Honors Thesis Committee

James M. Hanna Jr., Ph.D.; Robin K. Lammi, Ph.D.; and Takita F. Sumter, Ph.D.

Location

West Center, Room 219

Start Date

21-4-2017 1:00 PM

Description

The α-arylamine motif is present in about 10% of the top 100 drugs sold in the United States. A way to form this motif is the addition of organometallics to aromatic imines. In many cases, this approach is limited by the poor electrophilicity of the azomethine carbon of imines, which causes undesired enolization, reduction, or coupling reactions. Recently, the use of visible light combined with a suitable photocatalyst to promote key bond-forming steps in organic synthesis has emerged as a viable strategy to achieve a number of important synthetic transformations.

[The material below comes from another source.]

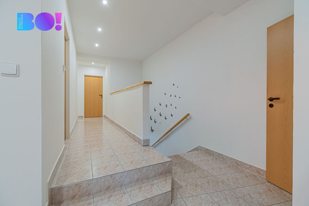 V přízemí najdete prostorný obývací pokoj s přímým vstupem na terasu, kuchyň s jídelnou, pokoj pro hosty či pracovnu a koupelnu se sprchovým koutem. V patře jsou čtyři neprůchozí ložnice a druhá, větší koupelna s vanou. Dům je částečně podsklepen a nabízí i půdní prostor, který lze využít k dalšímu rozšíření nebo jako úložné zázemí.
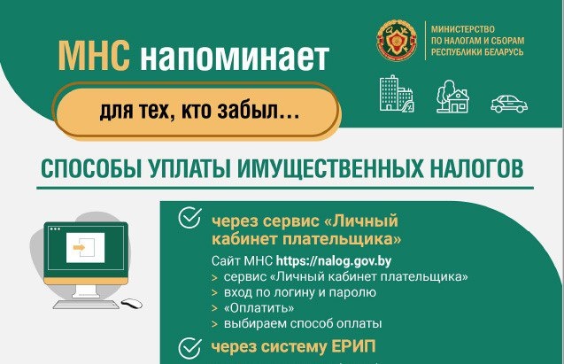 📣 Уважаемые налогоплательщики! 📃 Налоговые уведомления об уплате имущественных налогов отправляются по адресу вашей регистрации или в ваш личный кабинет налогоплательщика. ➡️ Если вы не проживаете по месту регистрации и не можете получить уведомление, узнать сумму имущественного налога можно: ✅ В личном кабинете налогоплательщика в разделе «Информация о суммах налогов». ✅ В системе ЕРИП, выбрав налоговый орган по месту регистрации и указав свой УНП. 🖥 Подписывайся на наши соцсети: 💬 VK / 📹YouTube / 📺RuTube / 📱 Instagram / 📱 TikTok

The photocatalyst involved is often a ruthenium or iridium polypyridyl complex, which absorbs light in the visible range to give a relatively long-lived excited state. This photo-excited catalyst then mediates the formation of radicals from organic substrates, through a series of single-electron transfer (SET) events; the organic radicals thus generated engage in downstream reactions, leading to the final product(s). Due to the generally low toxicity, relative stability, ease of synthesis, and functional group tolerance of potassium organotrifluoroborates, we have begun exploring this strategy as a means to effect formal additions of these organometallics to aromatic imines. We have found that irradiation of an argon-sparged dichloromethane solution of potassium allyltrifluoroborate and benzalaniline in the presence of Ir-dF(CF3)-dtb at room temperature using blue LED floodlights (450 nm) produced N-Phenyl-α-2-propen-1-yl-benzenemethanamine in 70% yield. Control experiments established that light and catalyst are required for reaction success. Various other potassium organotrifluoroborates have been tested under these conditions, with various degrees of success.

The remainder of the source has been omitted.